Applying to Durham had been totally decided and organised by the school. None of our parents had been to university, not even the apparently posh ones living at Stanwix, though presumably Mike’s dad, being a dentist, must have attended some sort of college. But the fathers of all my other friends, as far as I knew, were more or less white-collar workers. Ian Johnstone’s dad worked in a bank. Dicky Wilson’s dad worked at 14 MU, as did Reg’s, as had mine. I assume all of them had left school at fifteen or sixteen.
Dicky had already got into Oxford, while Reg and Mike were going to stay on for a third year in the sixth, whatever happened in their A-levels, in order to try the Oxbridge entrance exams. But for most of the rest of us in the upper sixth, the school had guided us to places where they thought we might get in and where they had contacts, having sent pupils in the past. They knew how universities worked. Our parents didn’t.
They had apparently been sending a lot recently to Durham, which was about our nearest university, geographically, though it was right across the country, over in the Northeast. It was a small northern city with a cathedral, so it didn’t seem as if it would be a massive cultural upheaval, compared with trying for some Big City University, like Birmingham, or even scarier London.
My interview was with a Dr Thomson in his overcrowded suite of rooms in Durham Castle, the home of University College. When I entered, there was opera music blaring out loudly and he asked me if I liked opera. I stupidly said, ‘Oh yes, I am very fond of Rigoletto.’ I had recently been taken to a performance in Glasgow, while visiting my Uncle Jim and Aunt Linda. I found it totally boring, stiff and false. We then spent most of the interview talking about opera. I thought that is it. I will never get in.

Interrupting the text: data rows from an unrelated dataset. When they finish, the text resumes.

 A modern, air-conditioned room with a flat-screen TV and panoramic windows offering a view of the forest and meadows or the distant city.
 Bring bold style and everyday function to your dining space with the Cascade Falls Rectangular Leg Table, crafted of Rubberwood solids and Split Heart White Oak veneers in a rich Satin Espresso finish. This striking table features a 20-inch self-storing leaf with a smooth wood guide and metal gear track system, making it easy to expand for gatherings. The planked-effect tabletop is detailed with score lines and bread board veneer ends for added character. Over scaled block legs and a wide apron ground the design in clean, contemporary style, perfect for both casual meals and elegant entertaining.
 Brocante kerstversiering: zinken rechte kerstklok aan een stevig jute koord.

Some weeks later, when the A-level results came out, I went down to school to pick them up. I found I had passed all three, with a B in each of them. Then I received a letter saying I was being accepted to read for an honours degree at Durham, followed by a letter from the City of Carlisle Education Office, signed L. Charnley, Director of Education, informing me was I was being given a ‘Major Award’, which would be F + £210. I have it in front of me, and I still don’t know what the ‘F’ stood for, but it meant that all my tuition fees would be paid direct by them. I would get an annual maintenance grant in three equal portions, plus travelling expenses back and forward to university if they exceeded £7 per annum. I would also get a vacation allowance.

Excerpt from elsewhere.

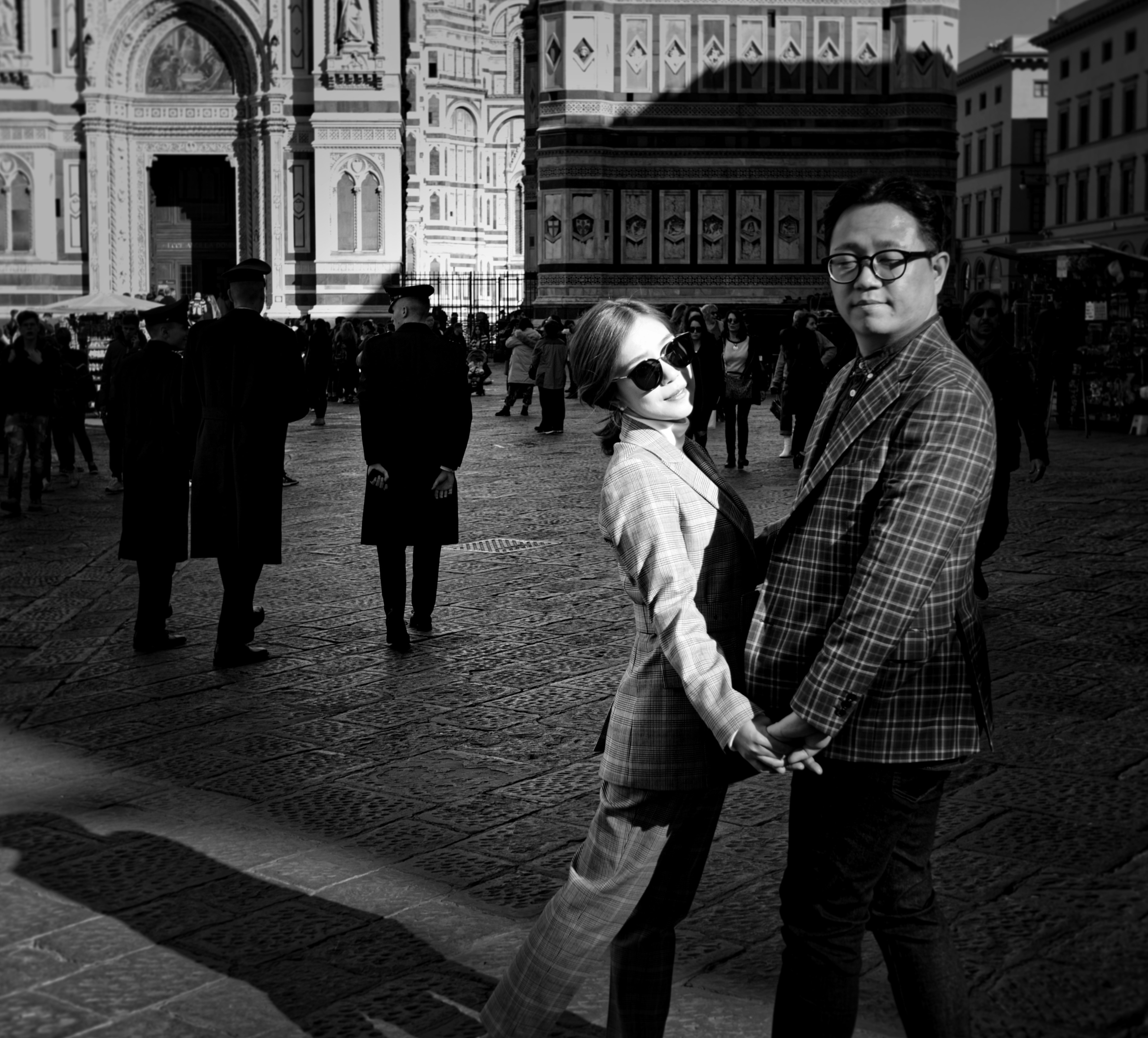 Grayscale Photo Of People Standing In Front Of Building Photo

I was in the money! I could not take it all in. All I knew was that everything, whatever everything might turn out to consist of, was going to be paid for. Despite having an invalid father, and no income coming into the house, I was going to go to university.
We all went from school and waited for the pubs to open. I had half a shandy and compared notes with everyone else about how they had done and where we would all be going next year. To everyone’s amazement, Reg had failed one of his A-levels, German. It was a stupid one to have taken and he had always moaned about it. He didn’t know what to do now. Sitting for Oxford seemed pointless, as they would not be impressed by his A-level results. He didn’t know whether to resit his German at Christmas, then do his national service, get it over with, or try Oxbridge all the same. Mike had got his A-levels and was still going to stay on to try for Oxbridge entrance.
Ian Johnstone, another of my Stanwix friends, had also passed and was coming to Durham, but to a different college. Brian Cooke, one of the two others who had come from the Creighton with me, was going to the same college at Durham. Alistair McFadden, had also passed and was going, I think, to Sheffield or Birmingham.
So, all three of us from the Creighton had got into university in two years, at the first attempt. In fact, the other two went on to get PhDs. Brian even became a professor. So much for a second-class school for eleven-plus failures. I will always feel grateful to the Creighton, taking me in when we arrived from Scotland, and preparing me for O-levels. Then, of course, to the grammar school, especially for teaching me Latin in such a short time.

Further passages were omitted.